Your objective:
Give the listing again in full and exactly, apart from its pictures.

#### Supplied data ####

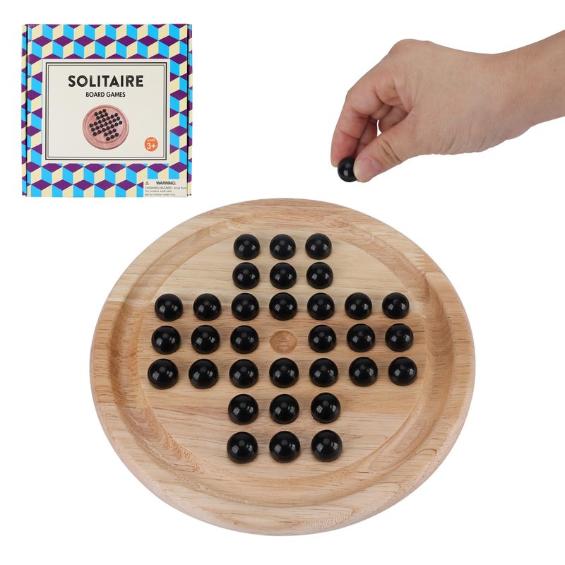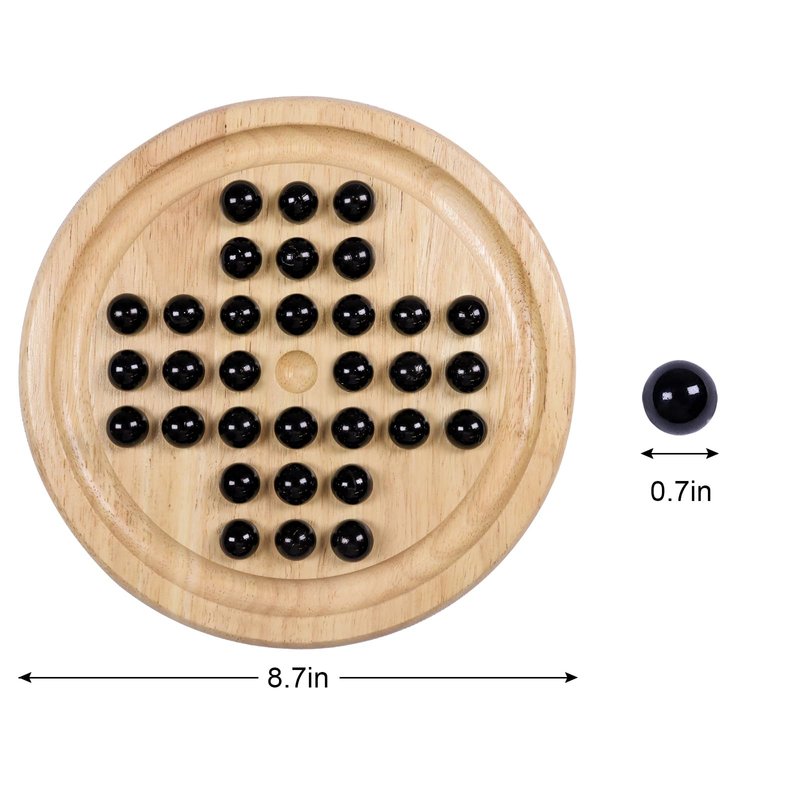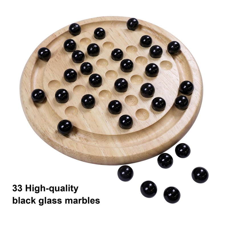 - 【Wooden Marble Soltaire Board Game】: A great tabletop game, family games and camping games.This set features a wood board, which holds black glass marbles. Groove around the outer edge to hold the marbles when removed from play
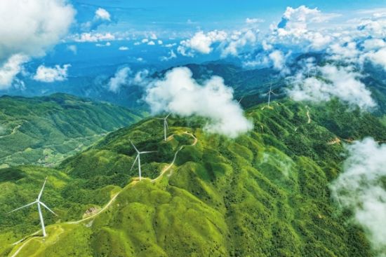 6月16日,通道侗族自治县湘寿坪风电场,一排排风力发电机组矗立在群山上,云雾缭绕,秀美壮观。近年,该县立足新能源产业发展优势,抢抓碳达峰、碳中和重大战略机遇,大力推进风电新能源项目建设,为经济可持续发展注入新活力。 石猛雷 摄(湖南图片库)
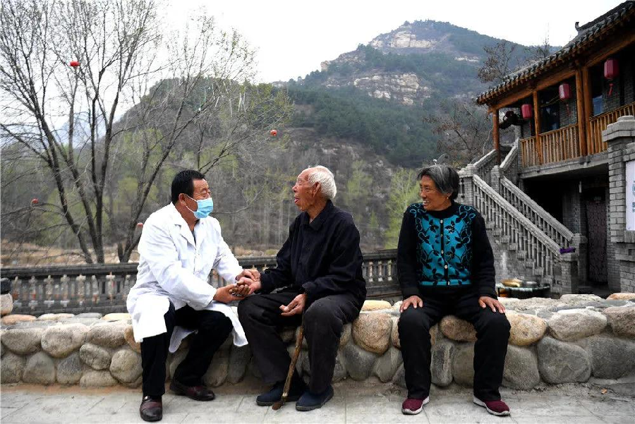 在河北省阜平县骆驼湾村,村医霍建国为村民把脉(2020年4月15日摄)。新华社记者 王晓 摄
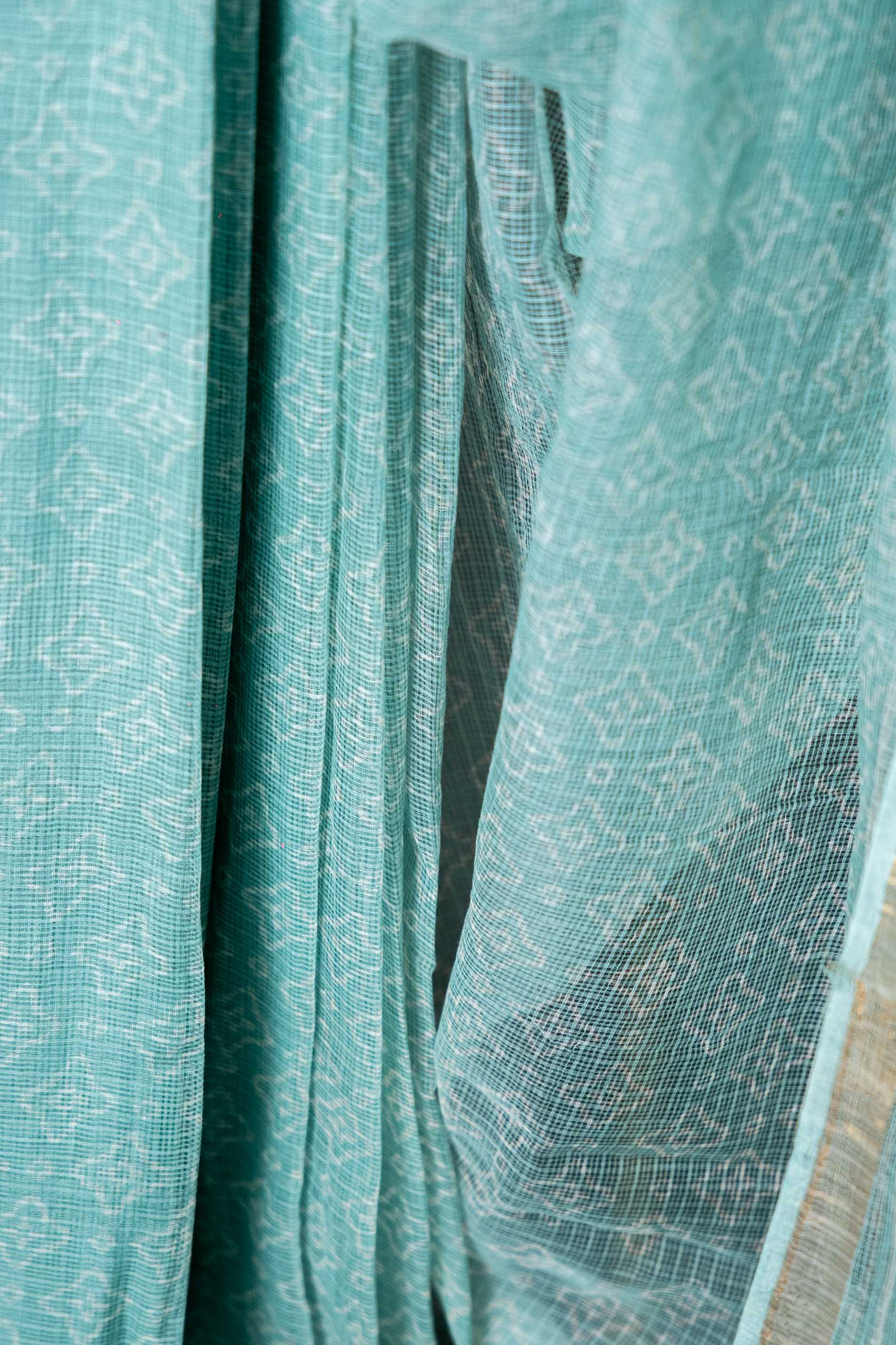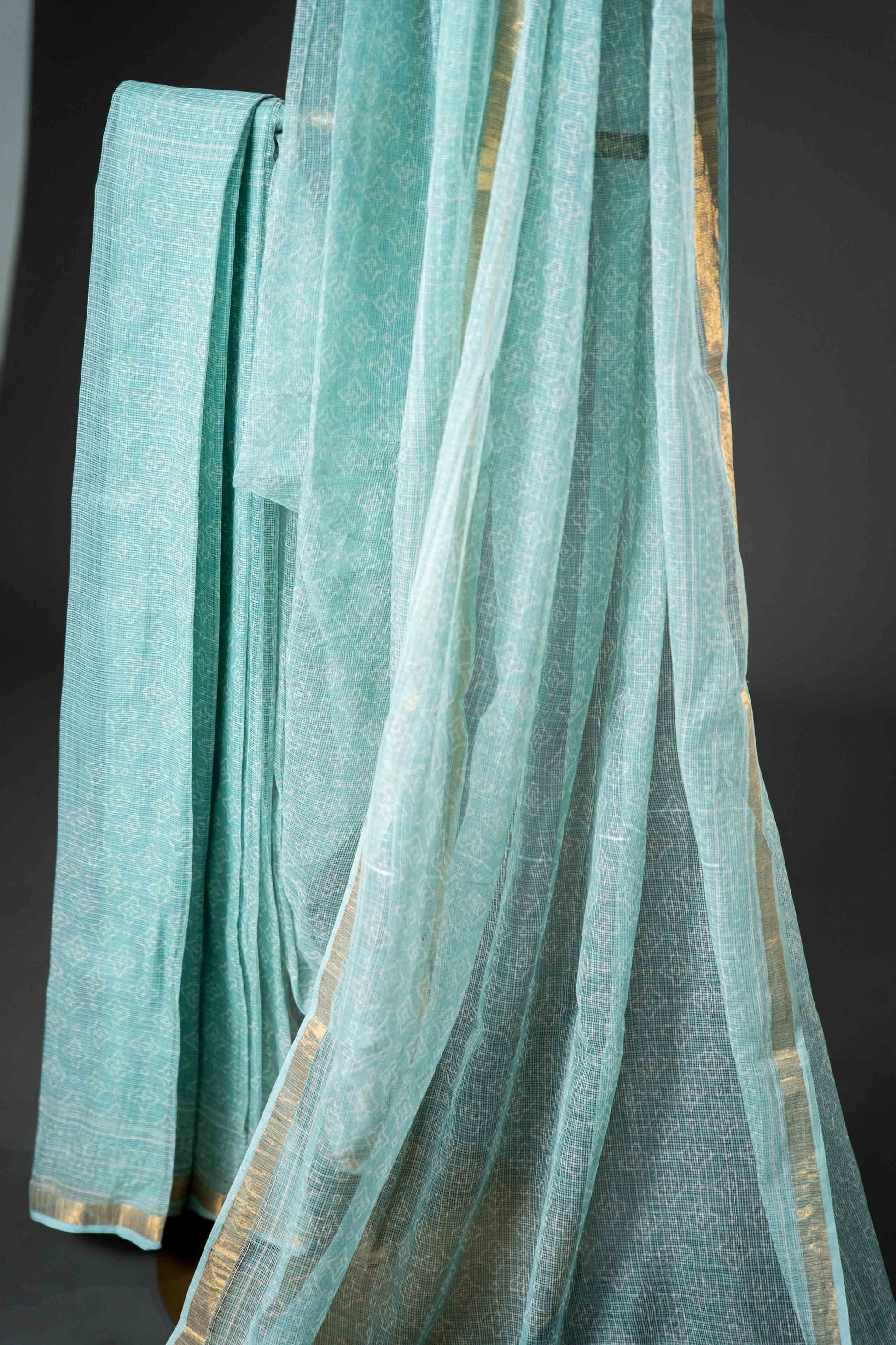 Bagru Kota Doria Saree – Pista Green Hand Block Print, Handloom Cotton
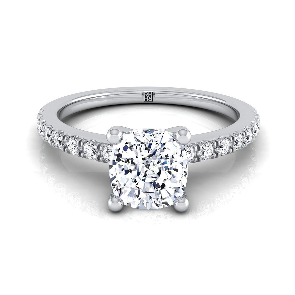 แหวนหมั้นเพชรแบบเรียบง่ายทรงหมอนทองคำขาว 14K ประดับเพชรแบบปาเว่เส้นตรง - 1/5 กะรัตรวม
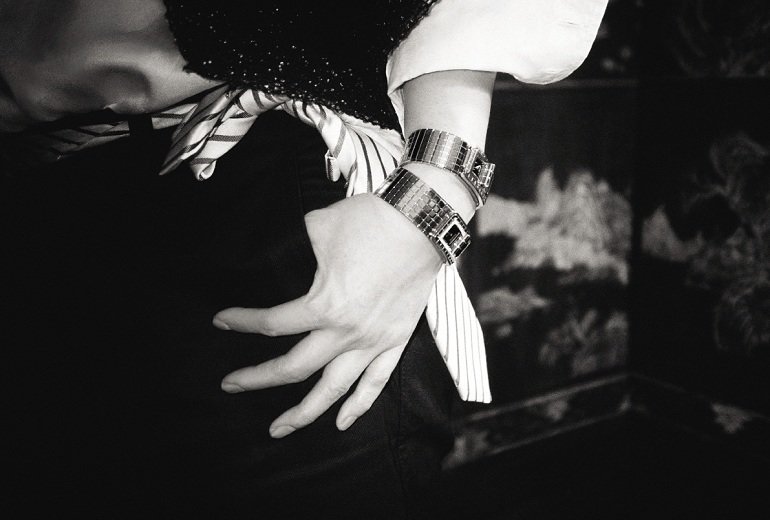 نتعرّف في البداية على مشبك حقيبة 2.55، وننتقل بعدها إلى العقربين، ثمّ نتحوّل على طول السوار المبطّن، فنجد أنّه تمّ فكّ شيفرة الساعة. إنّها قطعة مجوهرات وساعة ومجموعة رموز في الوقت نفسه.
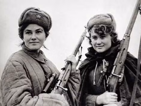 | Hai nữ xạ thủ bắn tỉa của Hồng quân cùng khẩu súng trường huyền thoại Mosin-Nagant. Ảnh: ABC.es. |
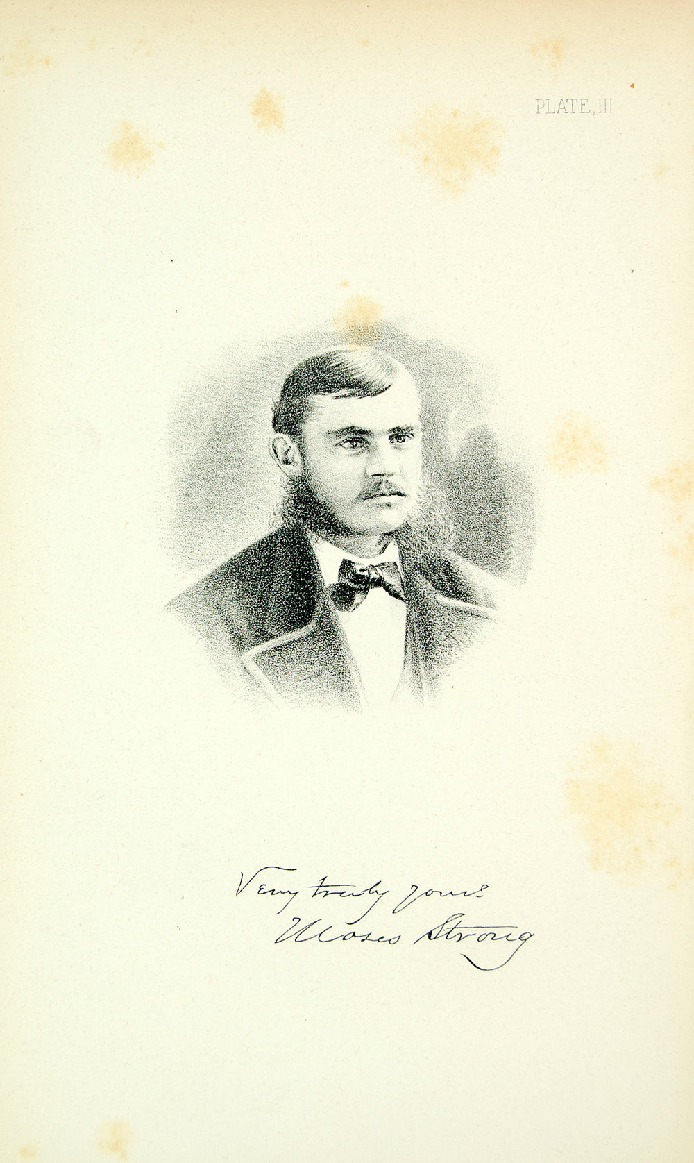 This is an original 1880 black and white wood engraving of a portrait of Moses McCure Strong (1810-1894), a Wisconsin lawyer, politician and land surveyor.

####

Task answer:
 - 【Wooden Marble Soltaire Board Game】: A great tabletop game, family games and camping games.This set features a wood board, which holds black glass marbles. Groove around the outer edge to hold the marbles when removed from play
 6月16日,通道侗族自治县湘寿坪风电场,一排排风力发电机组矗立在群山上,云雾缭绕,秀美壮观。近年,该县立足新能源产业发展优势,抢抓碳达峰、碳中和重大战略机遇,大力推进风电新能源项目建设,为经济可持续发展注入新活力。 石猛雷 摄(湖南图片库)
 在河北省阜平县骆驼湾村,村医霍建国为村民把脉(2020年4月15日摄)。新华社记者 王晓 摄
 Bagru Kota Doria Saree – Pista Green Hand Block Print, Handloom Cotton
 แหวนหมั้นเพชรแบบเรียบง่ายทรงหมอนทองคำขาว 14K ประดับเพชรแบบปาเว่เส้นตรง - 1/5 กะรัตรวม
 نتعرّف في البداية على مشبك حقيبة 2.55، وننتقل بعدها إلى العقربين، ثمّ نتحوّل على طول السوار المبطّن، فنجد أنّه تمّ فكّ شيفرة الساعة. إنّها قطعة مجوهرات وساعة ومجموعة رموز في الوقت نفسه.
 | Hai nữ xạ thủ bắn tỉa của Hồng quân cùng khẩu súng trường huyền thoại Mosin-Nagant. Ảnh: ABC.es. |
 This is an original 1880 black and white wood engraving of a portrait of Moses McCure Strong (1810-1894), a Wisconsin lawyer, politician and land surveyor.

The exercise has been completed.